Menurutku, sumber masalah utama kegagalan suatu majalah adalah kesediaan dan kesiapan SDM. Akuntan tidak pernah memasukkan orang sebagai aset karena alasan sederhana: definisinya tidak cocok. Aset selalu didefinisikan sebagai nilai likuidasi (nilai finansial). “Pernahkah Anda membayar hutang Anda yang menumpuk dengan suami/isteri Anda?” tanya Sal Marino dalam buku Business Magazine Publishing. Hal ini jelas tidak bisa terjadi karena aset yang dapat menceraikan Anda bukanlah aset. Anda pun tentu tidak senang dengan karyawan yang keluar sesuai kehendaknya sendiri. Karena hal ini, Sal Marino lebih senang memasukkan orang sebagai modal investasi. Banyak laporan tahunan CEO (Chief Executive Officer/Direktur Utama) kepada para pemegang saham yang membuat komentar seperti ini: “Aset terbesar kami adalah manusia… manusia yang naik dan turun lift setiap hari.” Oleh sebab itu di dalam lokakarya/seminar jurnalistik/penerbitan semacam ini, aku senantiasa mengulang‑ulang kalimat ini: “Lebih baik mempunyai sedikit staf redaksi yang mau bekerja daripada banyak personal namun malas bekerja.” Idealnya memang orang yang mau sekaligus mampu. Orang semacam ini langka!

Media Intra Gereja [1]

Oleh: Xavier Quentin Pranata

“Siapa yang menguasai informasi, dialah yang akan menguasai dunia.” Ucapan itu makin sering kita dengar sekarang. Di tengah‑tengah maraknya media massa, baik cetak maupun elektronik, apakah gereja sudah memiliki media yang bisa dipakai sebagai ajang edukasi, informasi, komunikasi dan rekreasi antaranggota jemaat? Kalau sudah, apakah media yang sering disebut media intragereja ini sudah ditangani secara profesional? Jika belum, bagaimana kita memulainya? Apa saja kendalanya? Bagaimana mengatasi masalah itu? Bagaimana kita bisa berperan dalam pelayanan “di balik layar” ini? Apa dampaknya bagi diri kita sendiri maupun gereja tempat kita berjemaat?

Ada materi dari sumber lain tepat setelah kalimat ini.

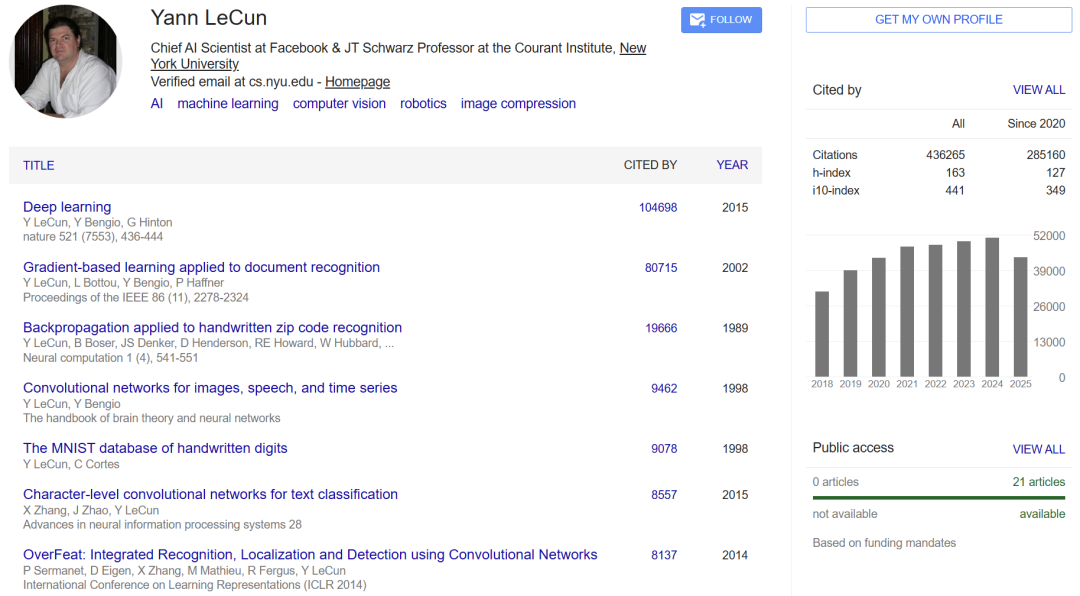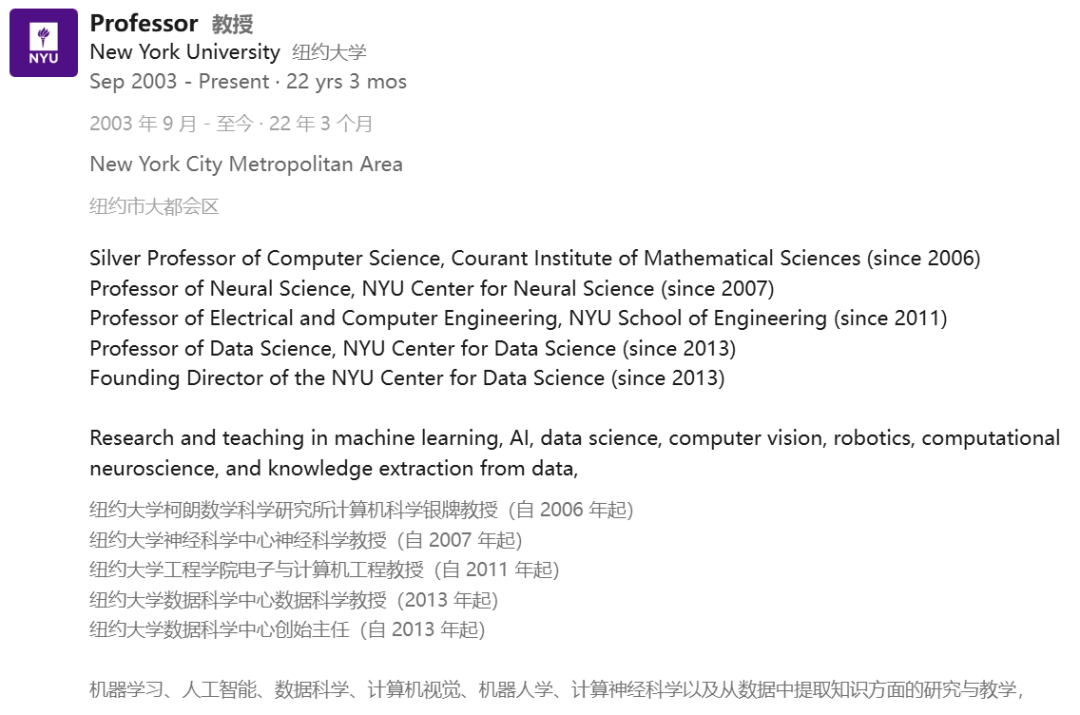 2003年,LeCun离开工业界,前往纽约大学库朗数学科学研究所担任计算机科学教授。

Pentingnya Media Intragereja

Komunikasi satu arah (khotbah) merupakan komunikasi paling pokok di banyak gereja. Namun, dengan makin membengkaknya jumlah jemaat, apakah komunikasi ini cukup memadai? Bagaimana dengan kehidupan sehari‑hari jemaat yang lebih sering berada di luar gereja ketimbang di gereja? Bagaimana jika jemaat sakit dan tidak bisa ke gereja? Bagaimana mereka bisa mengikuti perkembangan gerejanya? Di sini media intragereja mengambil peranan yang cukup penting. Bukan untuk menggantikan khotbah, tetapi justru melengkapi pelayanan yang tidak bisa disampaikan secara lisan.